Source material:
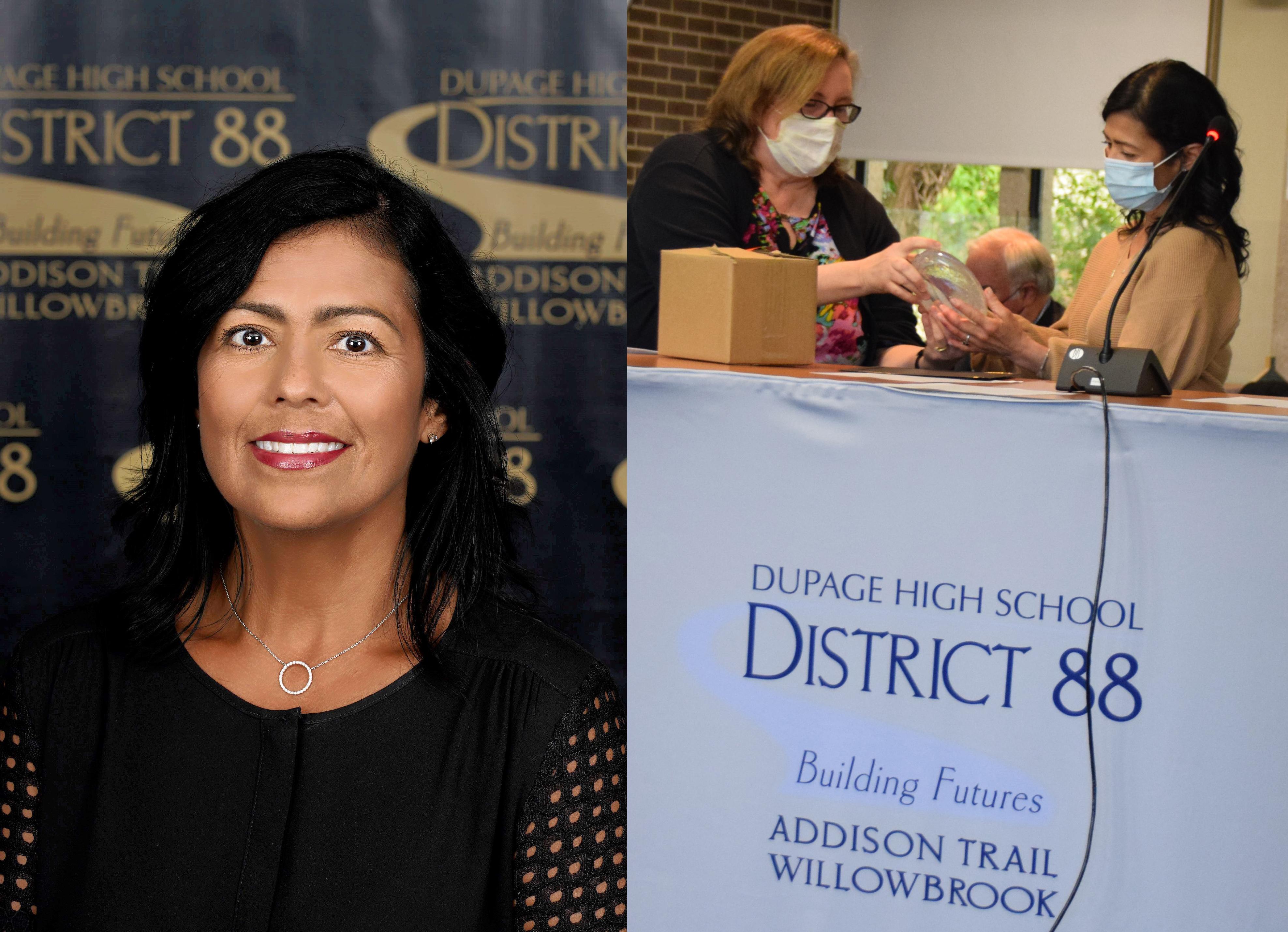 Left: Pictured is Blanca Jessen. Right: District 88 Board of Education President Donna Craft Cain thanks Jessen for her years of service on the Board and presents her with a personalized glass sculpture.
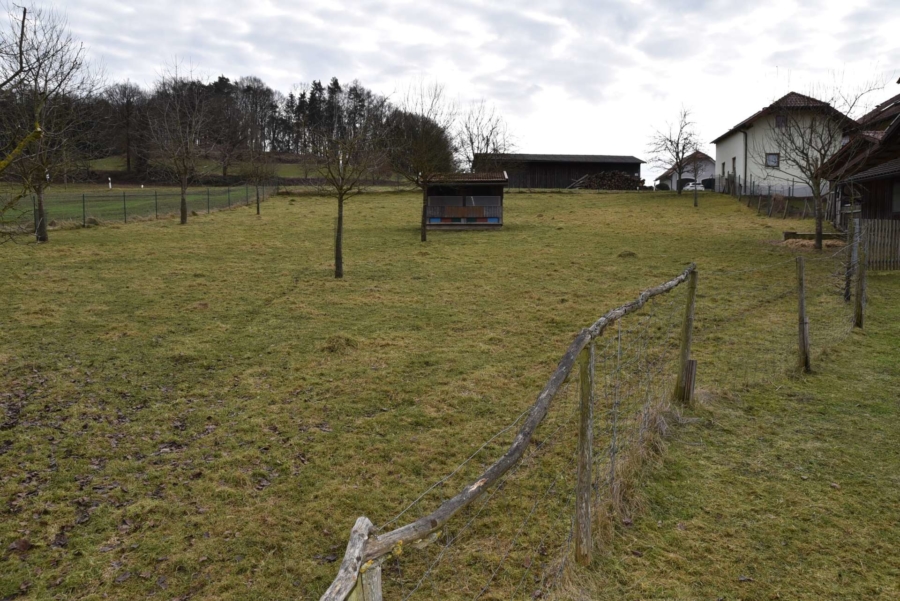 Wir bieten hier ein herrliches Baugrundstück in ruhiger Randlage an. Das Grundstück besteht aus drei Flurnummern. Eine Flurnummer ist sofort bebaubar und hat eine Fläche von rund 955 m². Es gibt keinen Bauzwang und keinen Bebauungsplan. Ein weiteres Grundstück grenzt unterhalb des Baugrundstückes an und hat eine zusätzliche Fläche von 1008 m². und dient derzeit als Weidefläche.
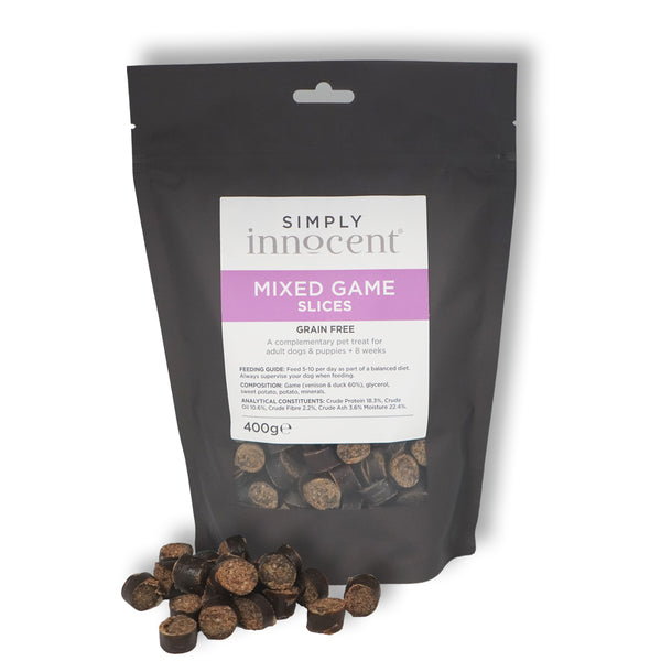 Air-dried game sausages or slices made with 60% British meat (venison & duck). Grain free.
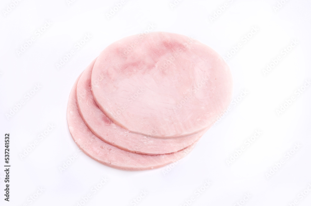 Poultry cold cuts in slices, isolated on a white background, a packshot photo for package design, template.

Task instructions: A verbatim copy of the data, with all pictures omitted, is the required output.

Reply to the exercise:
 Left: Pictured is Blanca Jessen. Right: District 88 Board of Education President Donna Craft Cain thanks Jessen for her years of service on the Board and presents her with a personalized glass sculpture.
 Wir bieten hier ein herrliches Baugrundstück in ruhiger Randlage an. Das Grundstück besteht aus drei Flurnummern. Eine Flurnummer ist sofort bebaubar und hat eine Fläche von rund 955 m². Es gibt keinen Bauzwang und keinen Bebauungsplan. Ein weiteres Grundstück grenzt unterhalb des Baugrundstückes an und hat eine zusätzliche Fläche von 1008 m². und dient derzeit als Weidefläche.
 Air-dried game sausages or slices made with 60% British meat (venison & duck). Grain free.
 Poultry cold cuts in slices, isolated on a white background, a packshot photo for package design, template.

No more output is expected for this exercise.